Cade goes back to working on whatever song he was trying to write, quietly strumming a chord, and then stopping and whispering to himself as he writes lyrics down in his notebook. Without him pestering me, I start making a decent amount of progress on my journal page, going back and forth between adding photos and making little doodles with my gel pens. But just when I thought Cade couldn’t be more distracting, he starts slowly strumming the familiar chords of my favorite song, Sweet Creature.
I’ve always loved the warm sound of the chords; there’s this feeling the arrangement of the song gives me like no other. And when Cade starts singing along, he has the same raw edge to his vocals as the original, it sends a shiver down my spine and I feel the hairs rise on my arms in reaction. This is dangerous .
Hearing him play the song has my mind wandering back to the question I never asked him after the Valentine’s Day show. Was he playing it for me that night? If it wasn’t for me then, it feels like it’s for me now. Feeling empowered, I decide it can’t hurt to ask. I don’t want to interrupt him in the middle of the song, but I also can’t sit here and watch him play through to the end with the question on my mind.
“Cade?”
“Yes, Valentine?” He practically sings the words that make my heart flutter, still softly strumming along to the song even though he stopped singing.
“You played this at the festival on Valentine’s Day, right?”
He nods.
“Remember Sean?” What am I doing bringing up another guy? That’s a terrible way to lead into this.
He stops playing his guitar and laughs. “Of course I remember Seen,” he pauses for a moment, his face growing concerned, then adds, “but he’s old news, right?”
“Yes! Oh my gosh, yes! I, uh, was just thinking about how I didn’t hear the beginning of the song because he was yelling in my ear, but I did barely catch you saying that you were playing it for someone. You were with Brooke then, so I thought that was really sweet if you were playing it for her?” Again, Halle, what are you doing? That is NOT what you were supposed to say.
He hesitates to say anything, which makes me worried that I could’ve upset him by bringing up both Sean and Brooke.
“Um, yeah, no, I didn’t play it for any particular reason, just thought it was a good acoustic for Valentine’s Day.” He forces a smile that I can tell isn’t genuine.
“Cool,” I respond, not knowing what else to say.

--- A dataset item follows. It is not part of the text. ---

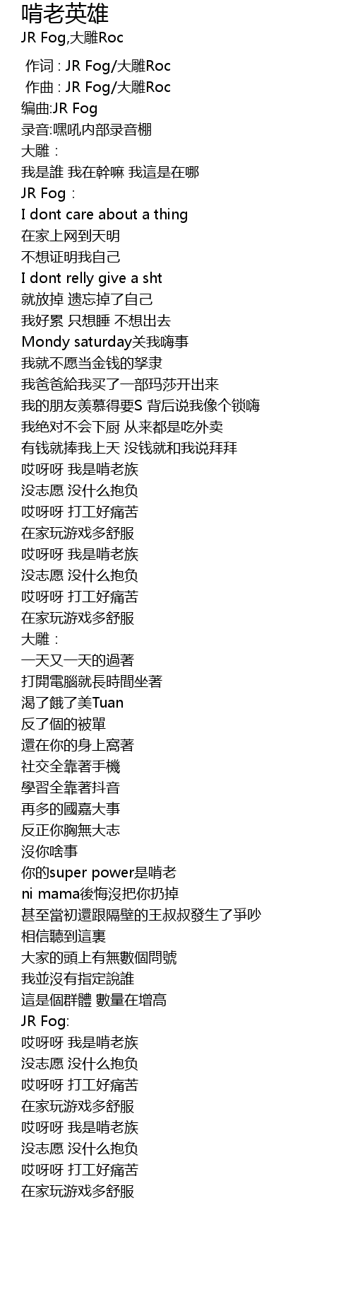 | [00:00.000] | 作词 : JR Fog/大雕Roc |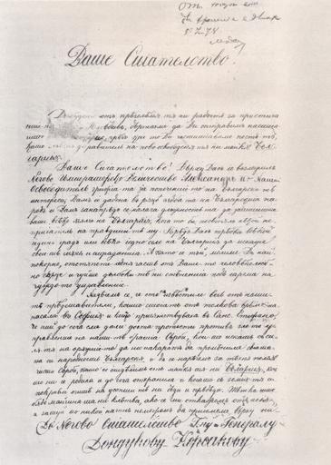 | Keywords: Appeal-from-Pirot-citizens-to-Dondukov-Korsakov-27may1878.jpg олба за освобождение от жителите на г ад Пи от до княз Дондуков-Ко саков 27 май 1878 пъ ва ст аница Текст Ваше Сиятелство Възбудени отъ п Unicode гол м ѫ -т ѫ ни адость за п истига- нiе-то <nowiki>Ви</nowiki> въ Пловдивъ дъ знахме да Ви отп авимъ настоiа- ште-то <nowiki>писмо</nowiki> ч зъ кое-то да Ви честитiаваме постъ-тъ като главенъ уп авитель на ново-освободен ѫ -т ѫ ни майк ѫ Бъл- га иi ѫ Ваше Сиятелство Въ ху Васъ iе възложилъ егово Импе ато ско Величество Александ ъ ІІ<sup> и</sup> аший Освободитель г ижiа-та за попеченiе-то на бълга ски-т инте еси; Вамъ ie дадена в ѫ ц с ѫ дба-та на бълга скiа на- одъ и Вамъ занап дъ се налага длъжность-та да заштишта- вате вс ко ъгълче на Бълга иi ѫ кога-то бы пос гн ѫ ль н кой не- п иiатель на п авдины-т му П дъ Васъ т бва вс кой iединъ г адъ или вс ко iедно село на Бълга иi ѫ да искаже свои-т м ѫ кы и ст аданиiа А като iе тъй молиме Ви най- поко но отст ѫ пете iеднъ часть отъ Ваше-то челов колюб- но съ це и чуйте дълбоки-т ни ст нанiа подъ iа ема на чуждо-то уп авленiе ад iемъ се че сте ся изв стиле вечъ отъ наши- т п дставители които стоiатъ отъ толкова в ме на насамъ въ Софиi ѫ и които п ис ѫ тствуваха въ Санс Стефано че ний досега сме дали доста п отести п отивъ зло-то у- п авлениiе на нашит б атiа Сь би кои-то искатъ съ си- л ѫ т ѫ на о ѫ жиiето да ни нака атъ да п ом ниме свiата- та си на одность бълга ск ѫ и да се на чеме за т хн ѫ полс ѫ чисти Сь би като се отд лимъ отъ майк ѫ -т ѫ ни Бълга иi ѫ коiа- то ни iе одила и до сега отх анила и коiато съ земиi ѫ -т ѫ си пок ива очит на усопши-т ни д ди и п д ди Тежка ште б ѫ де майчина-та ни кл тва ако се ми откажемъ отъ неi ѫ и затуй на никой начинъ не можемъ да п иемеме въ ху ни До егово Сиiателство Г-ну Гене алу Дондукову-Ко сакову Scanned from History of Bulgaria Bulgarian Academy of Sciences Исто ия на Бълга ия Том 7 Бълга ия 1878 - 1903 Издателство на БА София 1991 ст 423 1878-05-27 Pirot Bulgarian Municipality Public domain PD-old Historical documents of Bulgaria Historical documents of Serbia History of modern Serbia History of Pirot 1878 Manuscript letters written messages 1878-05-27 Aleksandr Dondukov-Korsakov |

We both sit in silence for a few moments, until he cuts the tension by playing the song he was trying to write again. Hopefully I can get through finishing these journal pages without regretting everything I said. Cade gives up on the song after about twenty more minutes of trying to write, and turns on a movie instead. I move myself onto the couch, not wanting to stay in my spot on the floor where my back was to the TV. I stay a few cushions away from him, and keep working on my journal.
At some point after I finished my journal pages and locked in on watching the movie, I fell asleep. I wake up to the credits rolling—why is the music for movie credits always so shockingly loud? Cade’s already standing, gathering his things and getting the TV turned off. I quickly gather all my journal supplies into my arms to haul back to my room with me. Neither of us say anything, but we both start shuffling down the hall to our rooms for the night—conveniently, ours are right next to each other. They’re the only rooms on the main floor.
I pass the door to Cade’s room and am about to turn into mine when he stops me in my tracks.
“Hal?” he asks softly.
I turn around to face him, and can’t help but notice that he looks nervous.
“I lied.”
I frown. “About what?” Am I missing something? What could he be talking about?
“The song on Valentine’s Day. I did say I was playing it for someone. It was all for you, it’s always for you.” He stops there, even though he looks like there’s more on his mind he wants to say.
I don’t fight the heat rushing to my cheeks. Part of me hopes he noticed it too. I reach in my room’s doorway and flick on the light before meeting his eyes again. “Goodnight, Cade.” I give him a soft smile and then slip into my room and shut the door behind me.